A Kuratowski-Type Theorem for Planarity of Partially Embedded Graphs

TL;DR

This paper characterizes minimal non-planar partially embedded graphs using a new containment relation, extending planarity testing to PEGs with a polynomial-time algorithm that finds obstructions or embeddings.

Contribution

It introduces a containment relation for PEGs, characterizes minimal non-planar PEGs, and extends planarity testing with an efficient algorithm.

Findings

Most minimal non-planar PEGs belong to a single infinite family.

A finite set of minimal non-planar PEGs exists under a different containment relation.
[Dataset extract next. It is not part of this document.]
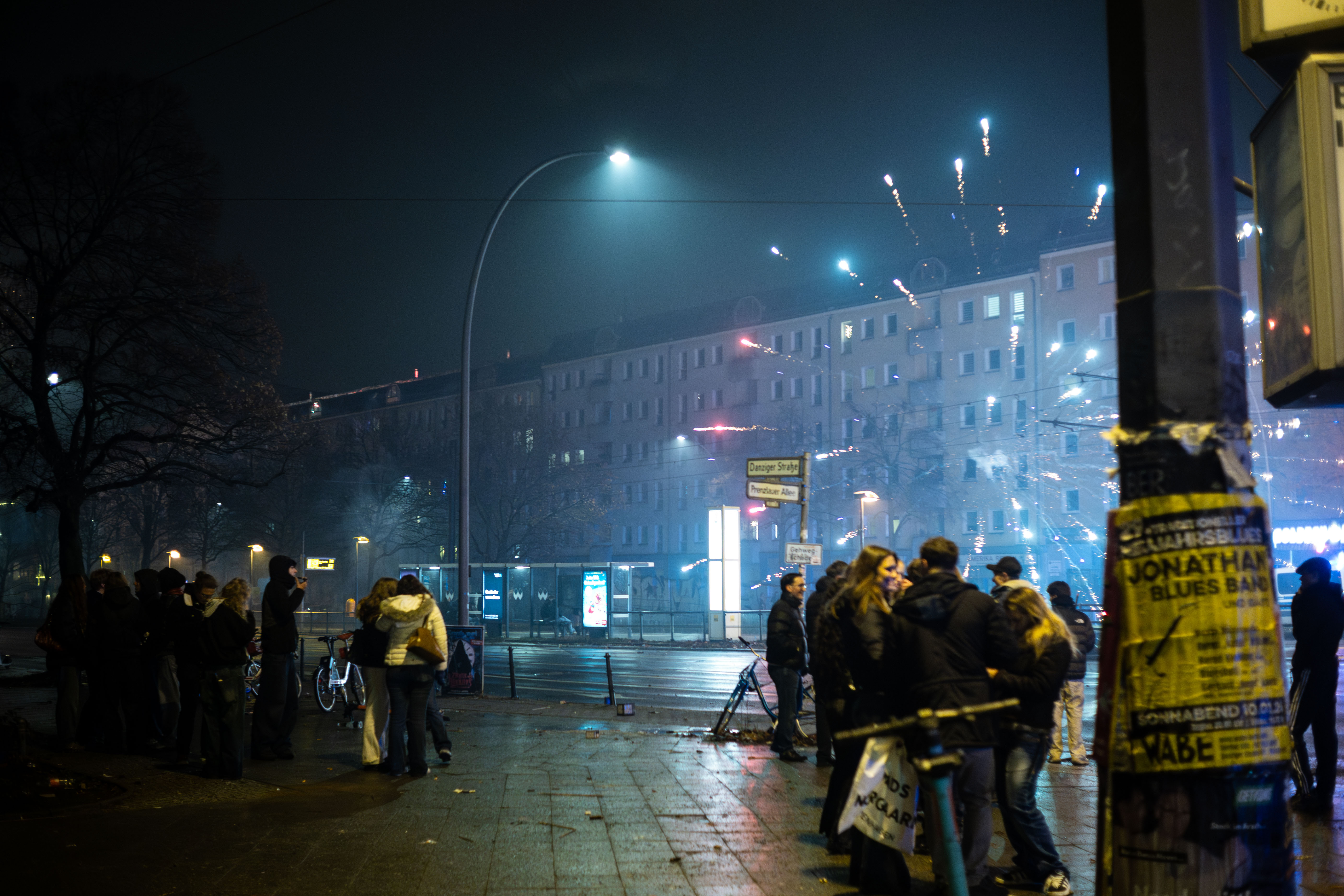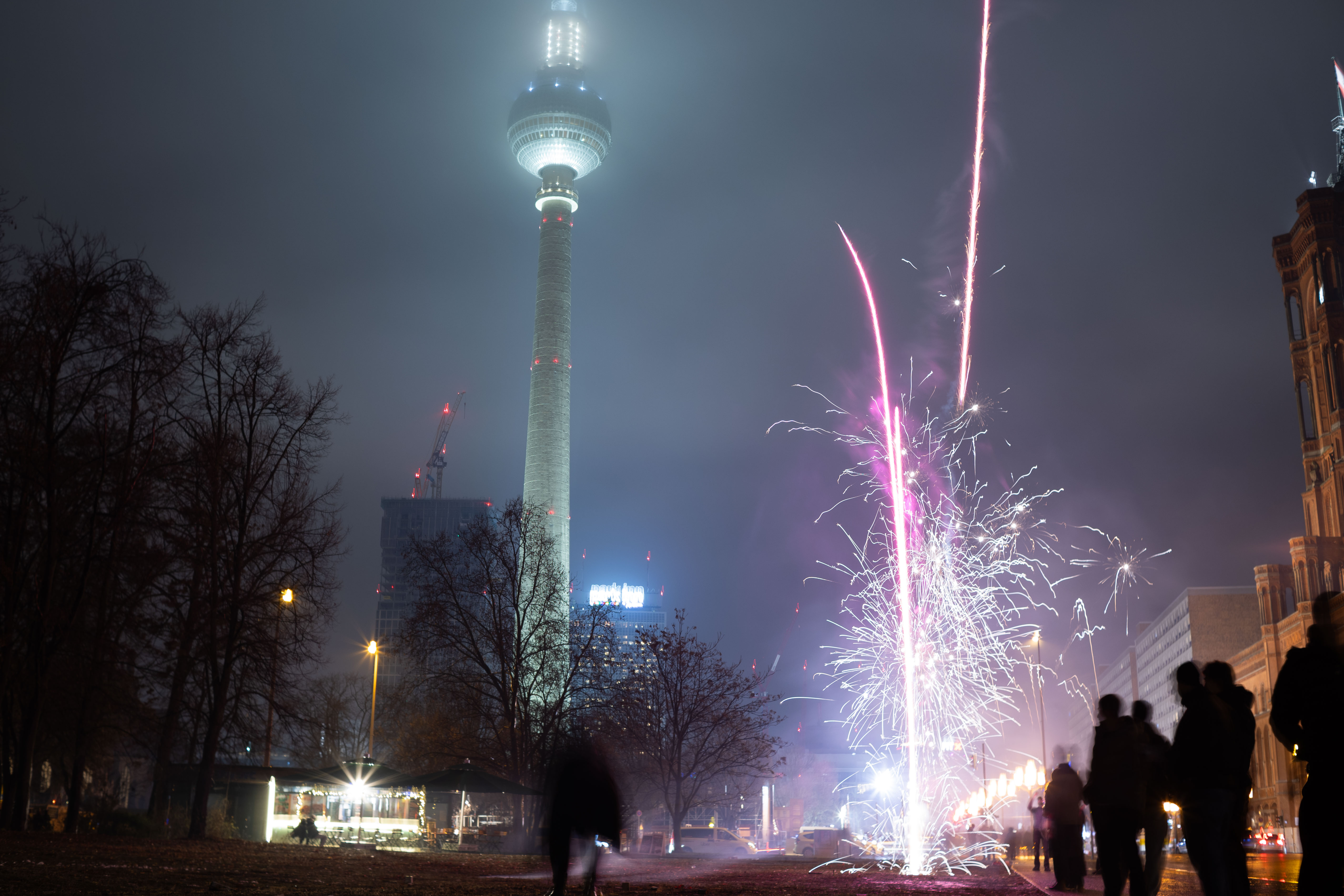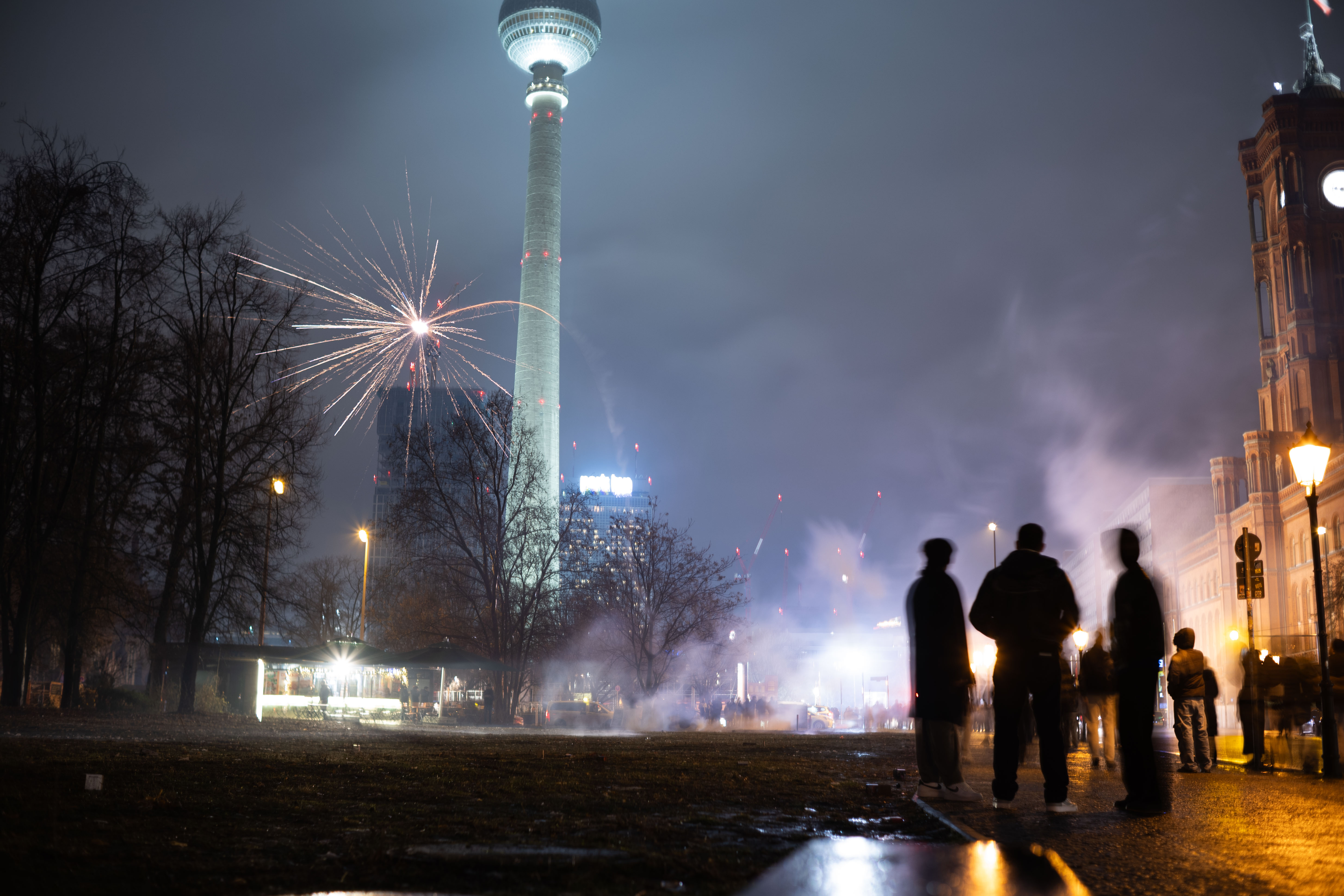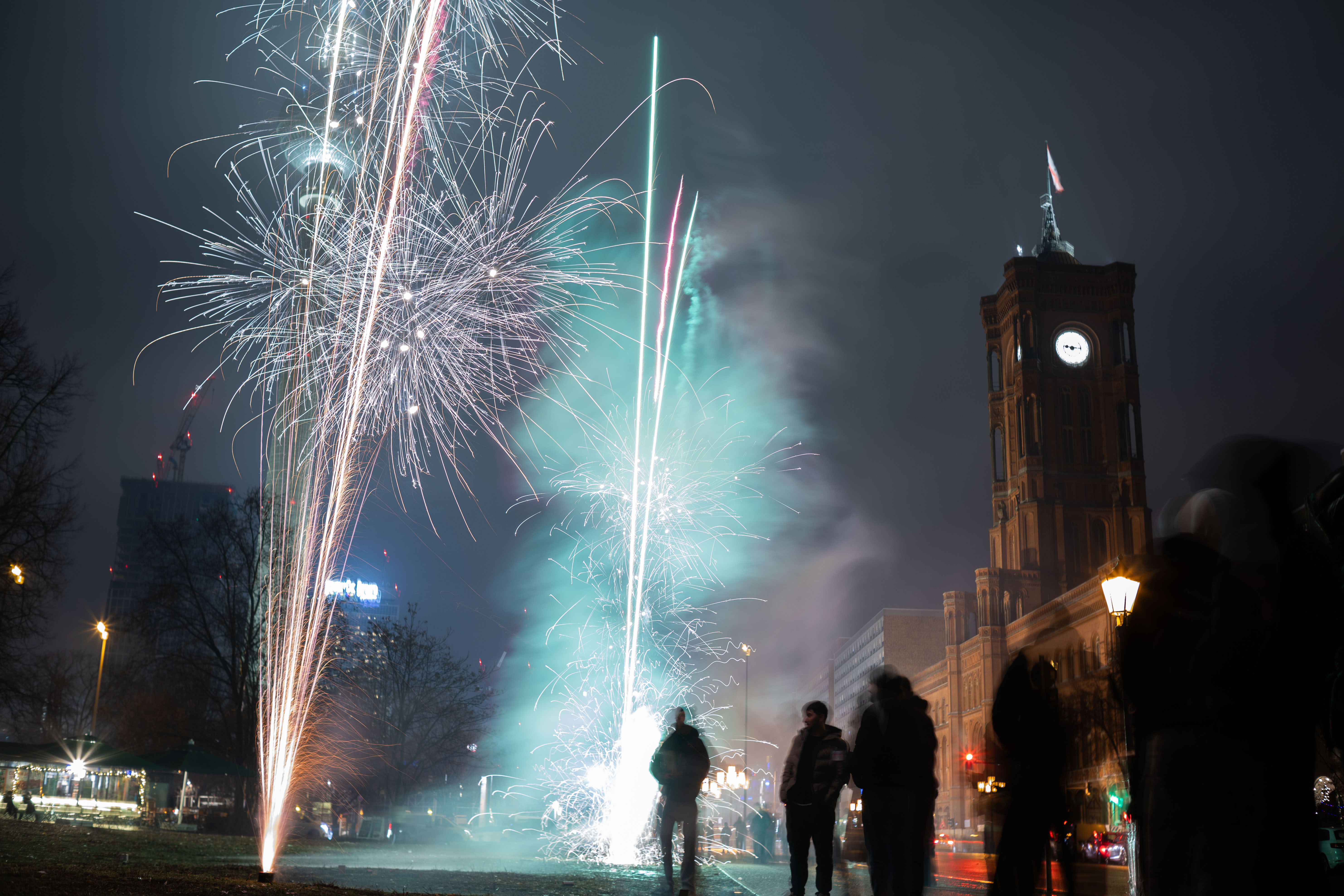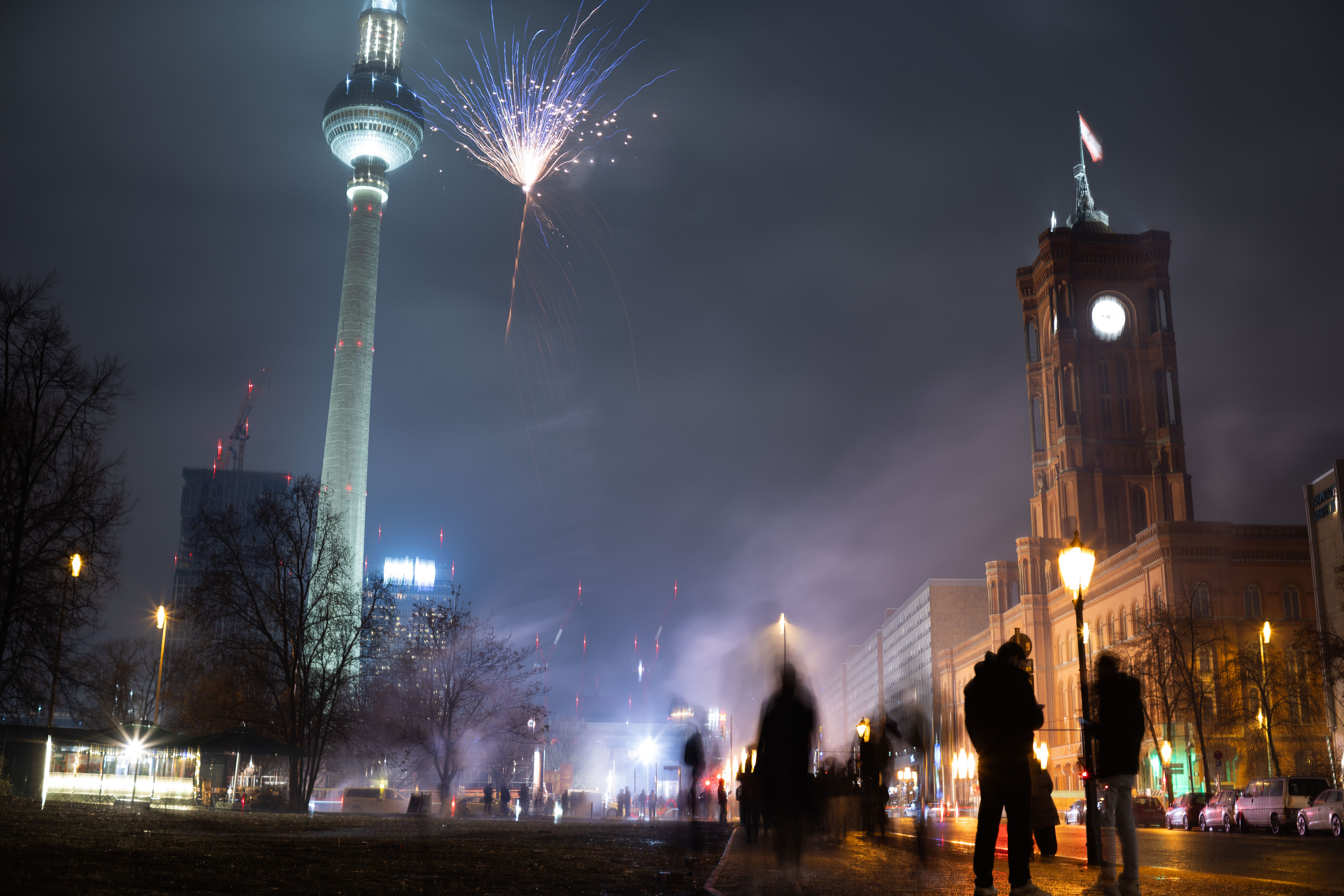 The image captures a vibrant night scene in Berlin, Germany, with a fireworks display illuminating the sky. The fireworks, in hues of red, green, and white, are scattered across the sky, creating a dazzling spectacle. The cityscape in the background features tall buildings and a clock tower, with people visible in the foreground. The image is taken from a low angle, emphasizing the grandeur of the fireworks and the towering structures. The identifier "sa_1500" could be a reference to the specific location or event captured.

A polynomial-time planarity test for PEGs is developed.

Abstract

A partially embedded graph (or PEG) is a triple (G,H,\H), where G is a graph, H is a subgraph of G, and \H is a planar embedding of H. We say that a PEG (G,H,\H) is planar if the graph G has a planar embedding that extends the embedding \H. We introduce a containment relation of PEGs analogous to graph minor containment, and characterize the minimal non-planar PEGs with respect to this relation. We show that all the minimal non-planar PEGs except for finitely many belong to a single easily recognizable and explicitly described infinite family. We also describe a more complicated containment relation which only has a finite number of minimal non-planar PEGs. Furthermore, by extending an existing planarity test for PEGs, we obtain a polynomial-time algorithm which, for a given PEG, either produces a planar embedding or identifies an obstruction.